As we have seen modeled by Senate Majority Leader Mitch McConnell, by GOP-led legislatures across the country, and by Trump himself, Frum's party has long rejected the norms and practices of democracy except as pageant. They don't want to govern. They want to rule. Laws exist to be enforced "strongly" ... against others.

Jeff Sharlet (The Family) commented on the arrest this week of Marina Butina, the 29-year-old Russian operative, who had become a minor celebrity with the National Rifle Association. We had known the Russians had been using the NRA as a backdoor into U.S. politics, but Butina also involved herself in the National Prayer Breakfast.

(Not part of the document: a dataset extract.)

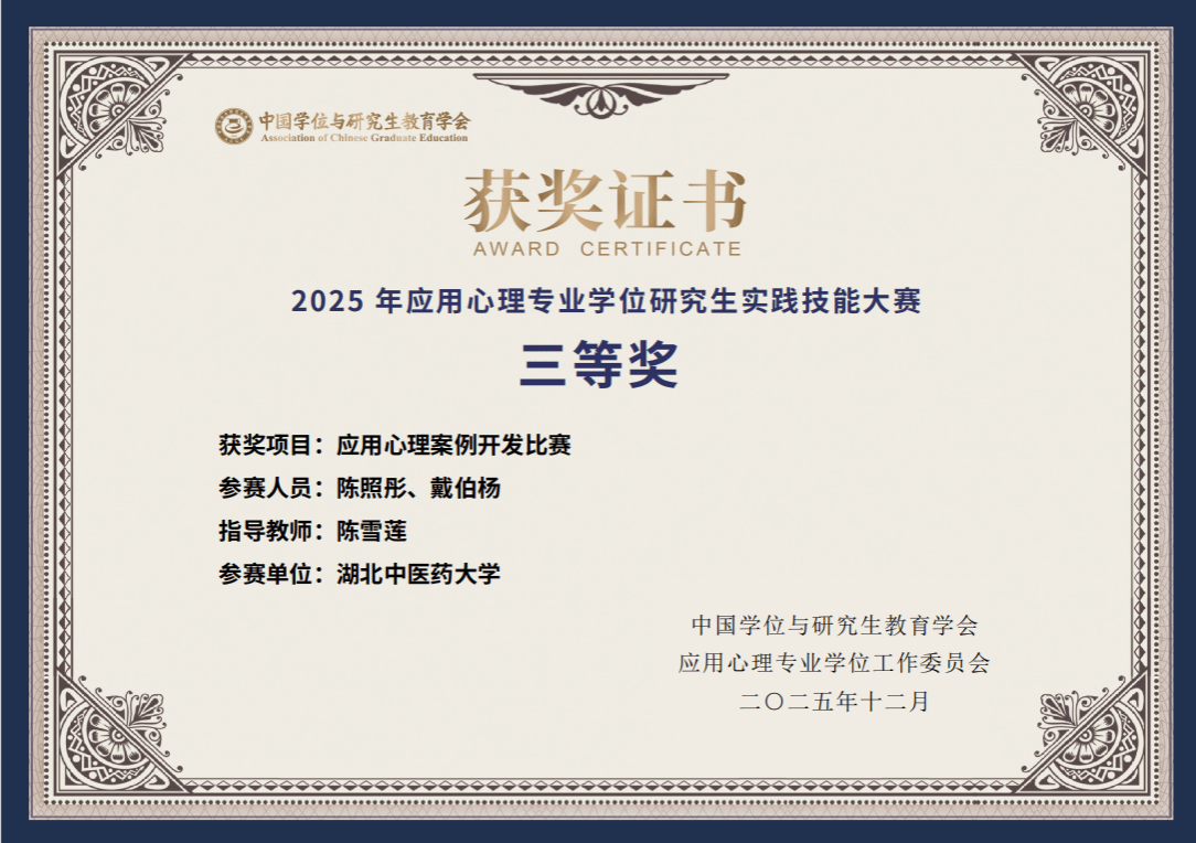 本网讯 近期,2025年应用心理专业学位研究生实践技能大赛在华东师范大学举行。赛事吸引了全国125所高校的478支队伍参赛。学校作为首次参赛的队伍,积极报名参赛,最终医学人文学院应用心理专业硕士陈照彤、戴伯杨同学(指导老师:陈雪莲副教授),在激烈竞争中脱颖而出,获“应用心理案例开发比赛”项目全国三等奖,实现了学校在该项国家级赛事中从“0”到“1”的历史性突破。

Organized by "a private and deeply secretive Christian organization called the Fellowship," the breakfast is the only public display of a group with a historic affinity to strongmen, writes Sharlet. The group believes in bringing key men to power as a means of shaping society for Jesus:
It’s not just the means that are antidemocratic. God, the Fellowship believes, can be understood through a study of strongmen. “You know Jesus said, ‘You got to put Him before mother-father-brother-sister’?” the late Doug Coe was fond of preaching. “Hitler, Lenin, Mao, that’s what they taught the kids.”

[...]

Putin would be a prize of another order. American fundamentalists admire his anti-LGBTQ crusades, his revival of the Russian Orthodox Church, his “family values” lip service, his bare-chested manliness. The GOP, observed Butina in The National Interest, a conservative foreign-policy publication, “derives much of its support from social conservatives … and those that support an aggressive approach to the war against Islamic terrorism. These are values espoused by [Putin’s] United Russia.”
Thus, American evangelicals' embrace of Trump, the walking antithesis of their public faith. They embrace Putin as well, seen "as an ally in a global clash of civilizations between Christianity and Islam."

American as "a government of laws, not of men," principles of plurality and democracy be damned.